─── Extracted data
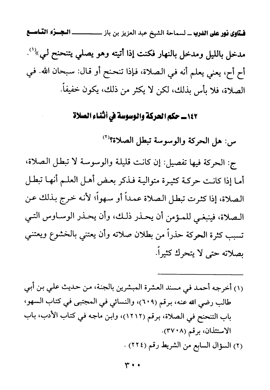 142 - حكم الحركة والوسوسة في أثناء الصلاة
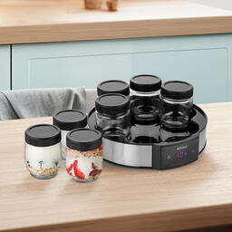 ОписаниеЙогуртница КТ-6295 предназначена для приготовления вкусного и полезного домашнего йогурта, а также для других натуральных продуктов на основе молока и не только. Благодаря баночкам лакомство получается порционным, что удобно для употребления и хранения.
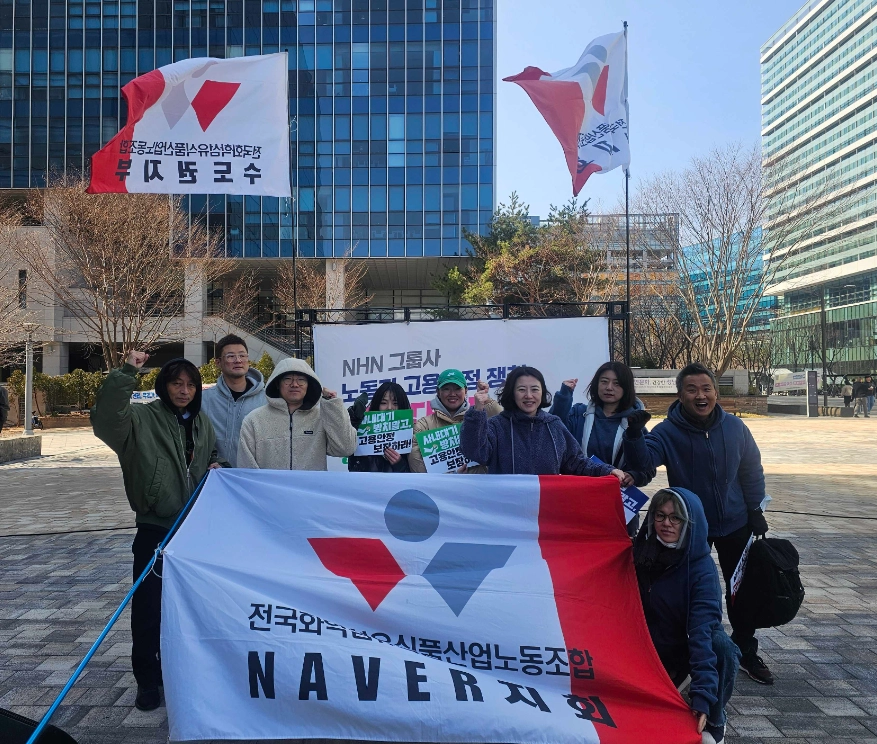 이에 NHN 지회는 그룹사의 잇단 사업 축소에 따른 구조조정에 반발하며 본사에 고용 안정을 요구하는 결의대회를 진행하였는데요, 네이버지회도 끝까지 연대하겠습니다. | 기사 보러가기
──────
─── Extracted data
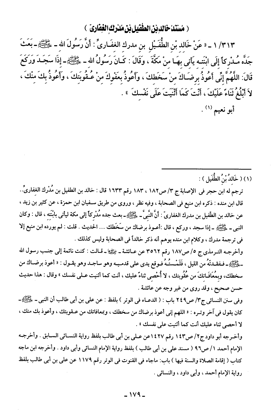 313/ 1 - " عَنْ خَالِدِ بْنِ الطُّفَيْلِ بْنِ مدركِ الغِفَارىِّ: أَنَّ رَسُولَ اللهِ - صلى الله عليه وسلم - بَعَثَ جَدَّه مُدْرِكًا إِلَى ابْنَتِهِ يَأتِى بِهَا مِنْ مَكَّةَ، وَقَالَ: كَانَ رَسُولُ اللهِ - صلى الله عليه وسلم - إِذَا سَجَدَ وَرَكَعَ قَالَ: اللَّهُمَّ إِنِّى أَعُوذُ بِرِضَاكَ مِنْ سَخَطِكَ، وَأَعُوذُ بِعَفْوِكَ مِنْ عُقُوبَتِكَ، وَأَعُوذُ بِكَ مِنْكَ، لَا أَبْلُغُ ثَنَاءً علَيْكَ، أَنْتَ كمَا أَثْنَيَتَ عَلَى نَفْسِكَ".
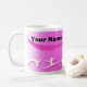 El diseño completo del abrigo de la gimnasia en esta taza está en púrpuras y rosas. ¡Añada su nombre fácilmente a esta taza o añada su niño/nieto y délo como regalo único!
──────
# Work task
Return exactly the lines above, from the one with "ОписаниеЙогуртница КТ-6295 предназначена" up to and including the one with "이에 NHN 지회는 그룹사의", and include no pictures.

# Output for this task
 ОписаниеЙогуртница КТ-6295 предназначена для приготовления вкусного и полезного домашнего йогурта, а также для других натуральных продуктов на основе молока и не только. Благодаря баночкам лакомство получается порционным, что удобно для употребления и хранения.
 이에 NHN 지회는 그룹사의 잇단 사업 축소에 따른 구조조정에 반발하며 본사에 고용 안정을 요구하는 결의대회를 진행하였는데요, 네이버지회도 끝까지 연대하겠습니다. | 기사 보러가기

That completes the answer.